Recorded information:
* * *
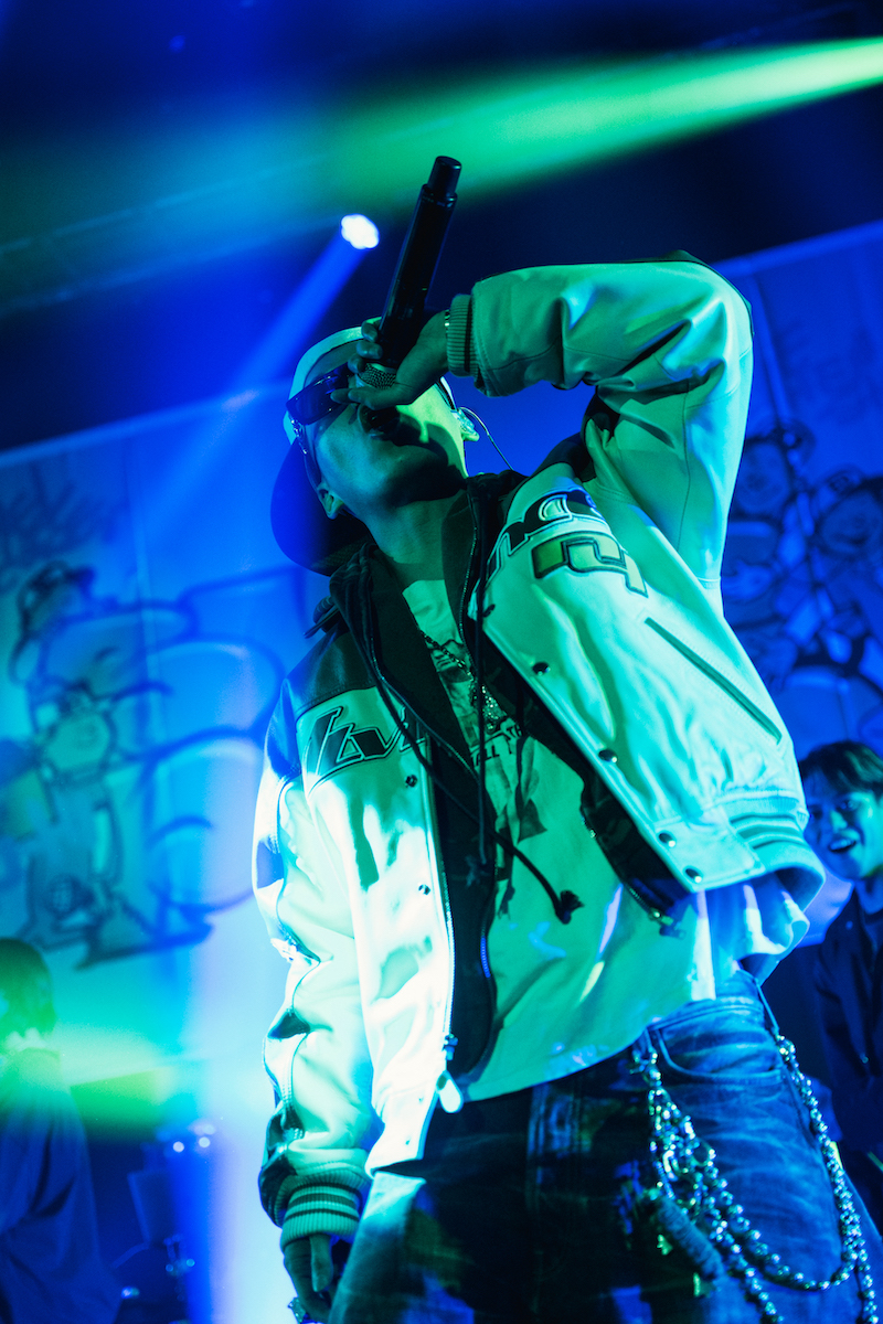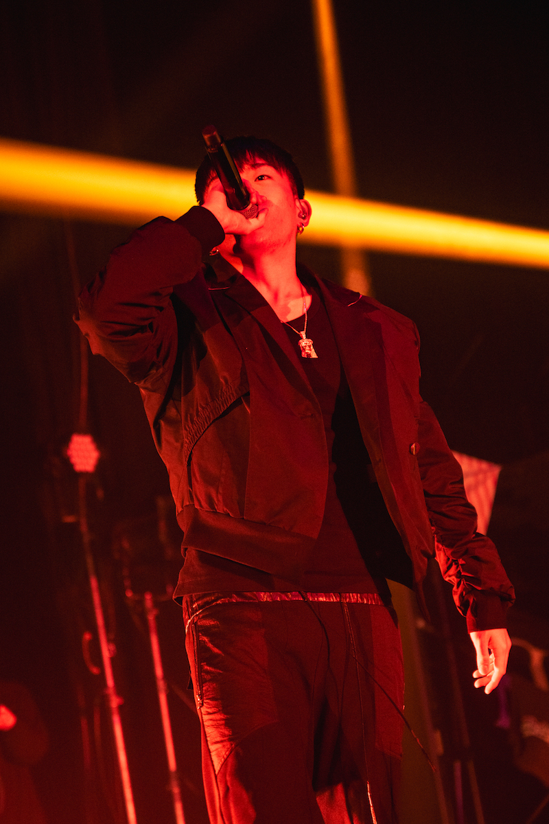 SKY-HI「何様」は、ぼくのりりっくのぼうよみのパートを、この日はREIKOが声を響かせた。そして「Turn Up」でSKY-HIの圧倒的なラップスキルと、《サクセス》を一つずつ成し遂げているからこそ帯びる説得力で、日本が誇るラッパー&ボスとしての存在感を見せつけながら会場の温度をピークへと持っていったところで、CHANGMOを呼び込んで「Selfmade Orange」へとバトンパス。そしてSKY-HI × Novel Core × CHANGMO曲「Zoom」をライブ初披露。CHANGMOが自身のパートを取るたびに、彼のラップを生で浴びられる貴重な瞬間に歓声が湧いていた。
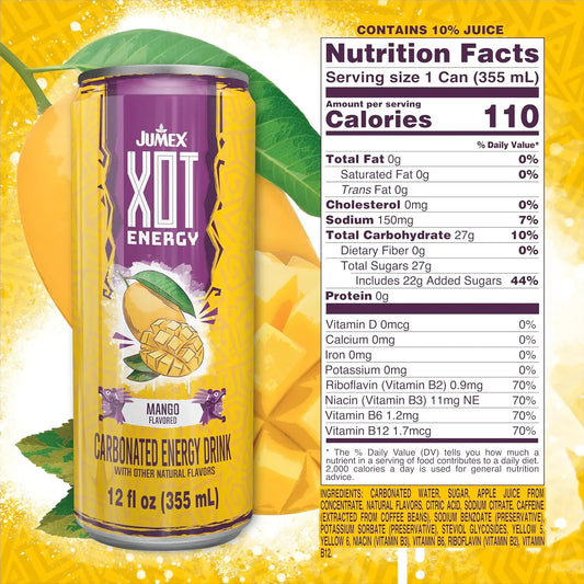Jumex XOT Carbonated Energy Drink, Mango Flavor, 12 Fl Oz 12 Pack
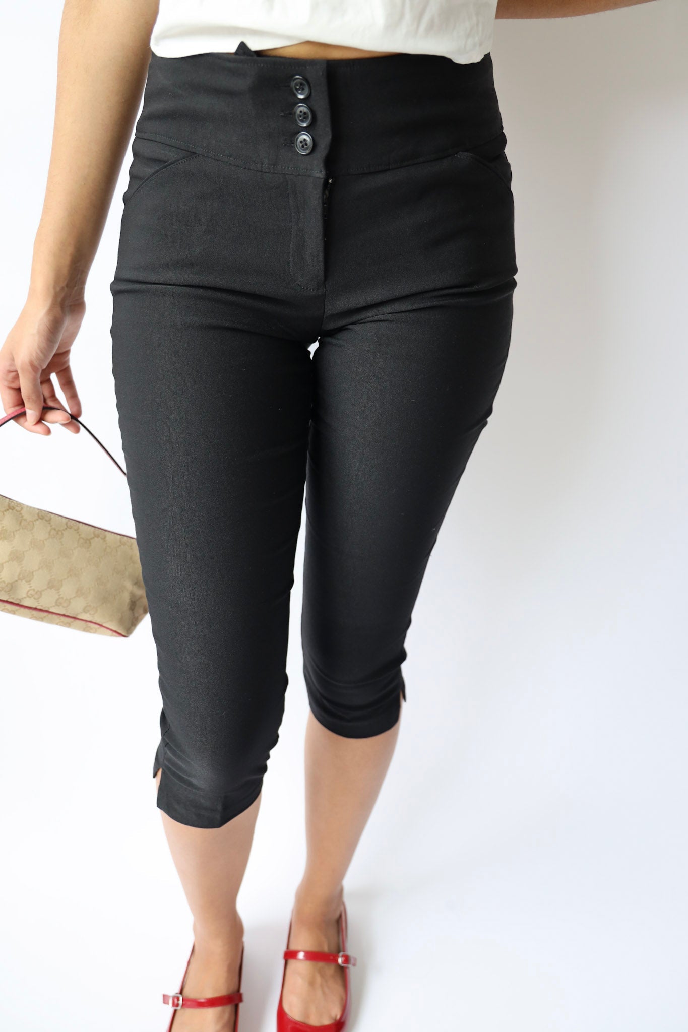 Get the perfect mix of city chic and casual cool with our Black Capri Trousers. The trouser style design and naturally stretchy fabric provide a snug yet comfortable fit, while the triple button fly and zipper add a touch of sophistication. Complete with faux side and back pockets, pair these with cute ballet flats for a y2k look. Perfect for a night out or everyday wear!
* * *
Action item: All of the material above is to be copied exactly, except for its images.

Solution for this task:
 SKY-HI「何様」は、ぼくのりりっくのぼうよみのパートを、この日はREIKOが声を響かせた。そして「Turn Up」でSKY-HIの圧倒的なラップスキルと、《サクセス》を一つずつ成し遂げているからこそ帯びる説得力で、日本が誇るラッパー&ボスとしての存在感を見せつけながら会場の温度をピークへと持っていったところで、CHANGMOを呼び込んで「Selfmade Orange」へとバトンパス。そしてSKY-HI × Novel Core × CHANGMO曲「Zoom」をライブ初披露。CHANGMOが自身のパートを取るたびに、彼のラップを生で浴びられる貴重な瞬間に歓声が湧いていた。
Jumex XOT Carbonated Energy Drink, Mango Flavor, 12 Fl Oz 12 Pack
 Get the perfect mix of city chic and casual cool with our Black Capri Trousers. The trouser style design and naturally stretchy fabric provide a snug yet comfortable fit, while the triple button fly and zipper add a touch of sophistication. Complete with faux side and back pockets, pair these with cute ballet flats for a y2k look. Perfect for a night out or everyday wear!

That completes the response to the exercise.